Regular executable files. The files you execute can be either ELF executable of shared object files [5]

And with that we have derived the familiar landscape of binaries in linux!

Afterword

Hopefully this blog post made you appreciate the engineering of binary formats and linking a little bit more. I hope it also gave you the bigger picture that will help you read any ELF, ABI, linker or low level manuals you read in the future. Thank you for reading!!

Notes

[1] The notion of relocatability used thoughout this post is akin to position-independence used in different contexts.

[2] In reality, using a common address space in real computers is very impractical. Programs intended to be running at the same time as other processes would need to be aware of all regions that are in potential use by every other process so they do not mistakenly interfere with them. In reality, processors incorporate an extra abstraction called address translation, which translates virtual addresses referenced by the program, into some physical address that the operated system chose carefully to avoid any interference. With that convenient abstraction, programs can be all compiled to the same virtual address space with no real overlap.

[3] Steps 1 and 2 are often combined into one in load-memory architectures (e.g. amd64), while they are always distinct steps in load-store architectures (e.g. ARM)

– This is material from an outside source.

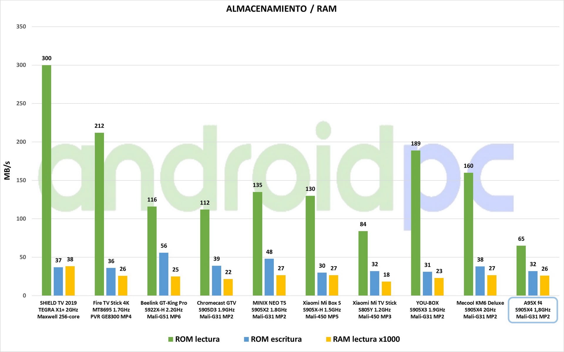 En el apartado de rendimiento el A95X F4 cuenta con el SoC Amlogic S905X4 Quad Core con procesadores ARM Cortex-A55 limitado a 1.8GHz, en el apartado gráfico cuenta con una GPU Mali-G31 MP2 de gama media. Este SoC es una mejora del anterior S905X2 y es muy similar al anterior S905X3. Como muestran los resultados tenemos un buen rendimiento por el conjunto hardware y el rendimiento de este nuevo SoC de AMLogic, queda igualado frente al nuevo Googlecast TV y supera por bastante al Xiaomi Mi Box que ya está algo desfasado en comparación.

[4] In many cases binary representations can go even simpler than that. Microcontrollers only run a single program so they already know at which memory region the program is going to be loaded to. They also don’t have the operating system abstraction so no one enforces program permissions (the code runs at “ring-0”). In fact those processors usually just use the raw program data as is! objcopy -O binary code.elf finalbin.bin is how the file to be flashed is obtained

[5] In reality, the vast majority of linux executables are ELF shared objects. This is done so that executables can be moved around the address space, as far as I know for security reasons (see Address Space Layout Randomization)